Colorado Rockies
- Shortstop
- Born: February 23, 2007 (age 19) Tucson, Arizona, U.S.
- Bats: LeftThrows: Right
- Stats at Baseball Reference

= Ethan Holliday =

American baseball player (born 2007)

Ethan Smith Holliday (born February 23, 2007) is an American professional baseball shortstop in the Colorado Rockies organization. Holliday was selected with the fourth pick in the 2025 MLB draft by the Rockies.

Holliday attended Stillwater High School in Stillwater, Oklahoma, where he played shortstop.

==Early life and family==
Holliday was born in Tucson, Arizona and raised in Austin, Texas, to former Major League Baseball player Matt Holliday. He is the younger brother of Jackson Holliday, who was selected first overall in the 2022 Major League Baseball draft by the Baltimore Orioles. His cousin, Brady Holliday, also plays baseball for Stillwater High School. His uncle, Josh Holliday, serves as the head coach of the Oklahoma State Cowboys baseball team, representing Oklahoma State University.

==Amateur career==
Holliday attended Stillwater High School in Stillwater, Oklahoma, where he played baseball for the varsity team all four years. He was teammates with his older brother Jackson during the 2022 season, Jackson's senior year before being drafted.
Holliday committed to attend Oklahoma State on a college baseball scholarship.
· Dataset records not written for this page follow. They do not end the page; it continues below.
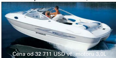
Cena od 32 711 USD vč. motoru 3,0L
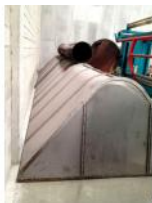
Referencia: COT-001 CAMPANA EXTRACTORA DE HUMOS Año: . Marca: .
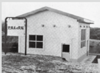
写真1 昭和50年に完成した保存施設

美々貝塚は、上層となる保存施設を建設後(写真1)、昭和51年に貝層断面の保護・硬化工事を行い、一般公開してきました。市民の皆さんの中には、遠足の間、歴史を感じる場、憩いの場として思い出に残っている方も多いと思います。 また、学術的な価値も非常に高く、その存在自体が約六千年前の縄文海進の痕跡を示しており、北海道内で最も内陸に作られているのが特徴です。しかし、度重なる発掘調査により、貝塚本体の範囲が4分の1程度しか残っており、保護の必要性の高い貴重な遺跡とも言えます。
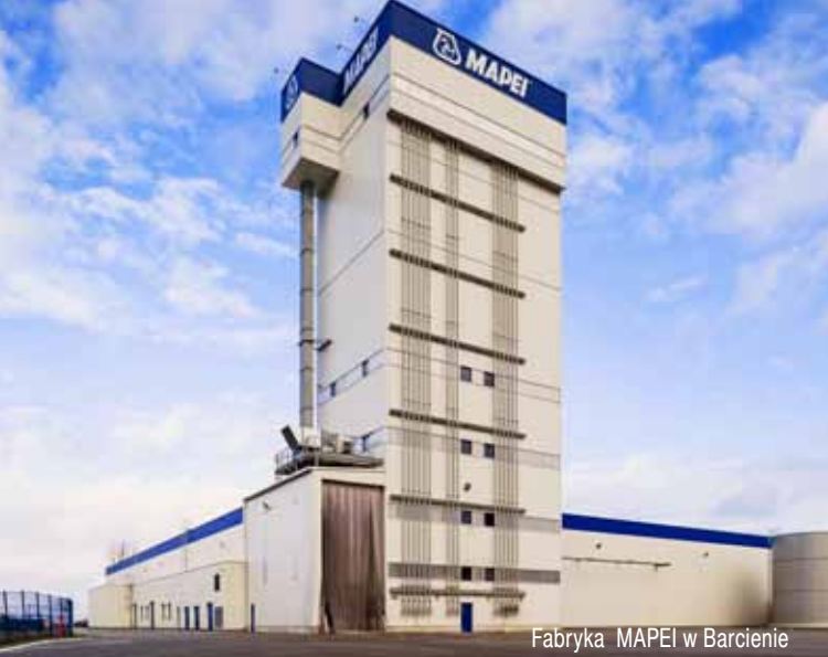
Fabryka MAPEI w Barcinie
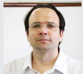
Guilherme Agreli Produtos - 05
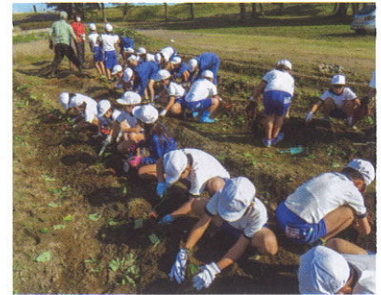
水辺の楽校 さつまいもほり
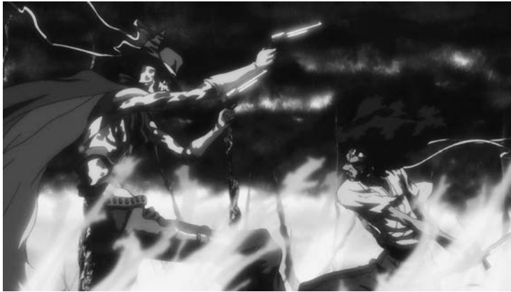
3 Western- Elemente im Showdown der TV-Serie

sie streift. In der Diegese von AFRO SAMURAI trifft Hochtechnologie wie Cyborg-Wesen, Mobiltelefone und Raketenwerfer auf ein japanisches Mittelalter, das durch seine Repräsentation in chanbara bekannt ist. Hinzu kommen ikonografische, aber auch motivische Elemente aus zahlreichen weiteren Genres: Der finale Gegner des Protagonisten ist wie eine Western-Figur gekleidet, mit Stetson-Hut und langem Staubmantel, unter dem er sechsschüssige Revolver trägt; 2 der Topos um den Hegemoniestreit unter den Schwertkämpfen stammt aus der Tradition von chinesischen Martial-Arts-Narrativen und wuxia -Mythen (vgl. Teo 2009); und Afro selbst wird stets begleitet von einem imaginären Alter Ego, das aber dennoch eine irritierende materielle Präsenz besitzt, immer wieder mit der Umwelt interagiert und daher dem Fantasy-Genre zuzurechnen wäre.
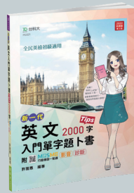
PD321 英文入門單字題卜書 (Tips)
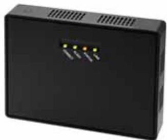
&lt; SX-ND2000F &gt;

急速に高まる高速無線の需要にあわせ、サイレックスは今後も IEEE 802.11n の高速無線通信に対応した製品のラインナップを拡大していく予定です。
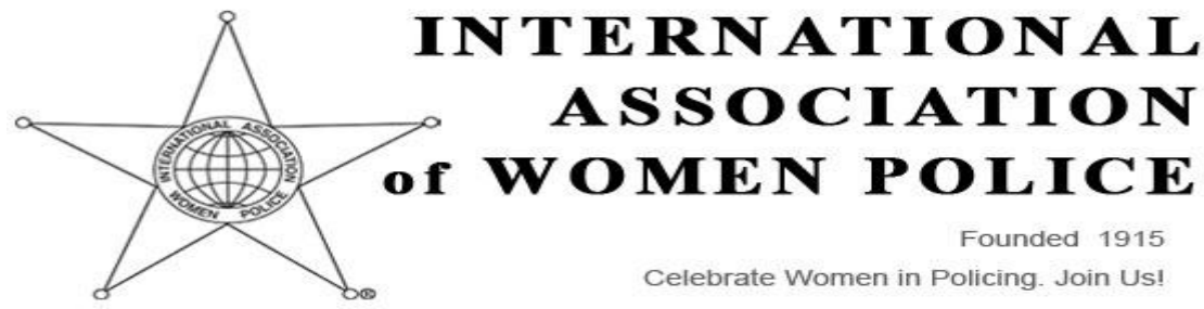
圖 1 國際女警協會標誌

IAWP 係於西元 1915 年由美國女警所創立，其目的在於提升女性執法人員專業發展、經驗交流、網絡建立及肯定認同的機會。經過 100 多年的發展，該協會現今仍然持續推動許多強化、團結及提升女性執法人員形象的訓練方案及服務。IAWP 是一個相當多元且不斷成長的全球性組織，該協會認為警察應該反映其所服務社區的多元性及保障人權，其成立使命在於強化及提升女性從事國際警政工作的能力，目前會員遍及全球 70 多個國家。

In 2022, Holliday was selected for the United States national baseball team that competed in the U-15 Baseball World Cup. The team won the championship and Holliday was named the tournament's top shortstop. Holliday participated in the high school home run derby held during Major League Baseball's All-Star Week.

Before his senior year at Stillwater, Holliday signed a name, image and likeness endorsement deal with Adidas, which was reported as the company's first such agreement with a baseball player.

During his senior season in 2025, Holliday posted a .611 batting average with 19 home runs and 64 runs batted in (RBIs) in 33 games, along with a slugging percentage of 1.295 and an on-base plus slugging (OPS) of 2.038. He also drew 44 walks and scored 57 runs while helping Stillwater reach the Class 6A state tournament with a 25-8 record. Throughout the season, opposing teams frequently chose to intentionally walk Holliday in key situations. In district championship games against Bixby High School, he hit home runs in his first at-bat in both games of the series. In Stillwater's first-round state tournament loss to Piedmont, Holliday was intentionally walked in all three of his plate appearances.

Holliday was named the 2025 Gatorade Oklahoma Baseball Player of the Year, making him the fourth member of his family to receive this honor. He was also selected as Baseball Americas 2025 High School Player of the Year, making him and Jackson the first brother tandem to each receive this honor. Other honors include selection to the 2025 Preseason MaxPreps All-America High School Baseball Team and recognition as Prep Baseball Oklahoma's 2025 Player of the Year.

==Professional career==
Multiple scouting organizations ranked Holliday among the top prospects for the 2025 Major League Baseball draft. MLB.com, Baseball America, and Perfect Game listed him as their number one prospect in the draft class. The Colorado Rockies selected Holliday with the fourth overall selection. Holliday signed with the Rockies for a $9 million signing bonus on July 22, 2025, setting a record for the largest bonus given to a high school player. Holliday played for the Fresno Grizzlies of the Single-A California League after he signed. He batted .239 with two home runs and six RBI in 18 games.

Holliday began the 2026 season with Fresno. He batted .262 with nine home runs and 32 RBI in 33 games before his season ended prematurely due to a stress fracture in his left foot.

==Playing style and scouting reports==
At 6 ft 4 in and 215 lbs, Holliday has a larger frame than his brother Jackson and more closely resembles their father Matt physically. Scouts have noted his left-handed swing mechanics and plate discipline. He has demonstrated pitch recognition skills and drawn walks throughout his career.

According to scouting reports, Holliday's power is considered his primary tool, with scouts grading it at 65 on the 20-80 scale. He has recorded exit velocities of 111 mph with a wood bat. Evaluators project that he could develop into a player capable of hitting 30 or more home runs annually at the professional level.

While playing shortstop as an amateur, many scouts project that Holliday may transition to third base due to his size, though he has worked on his defensive mobility and fundamentals. Some evaluators also consider him a candidate for corner outfield positions.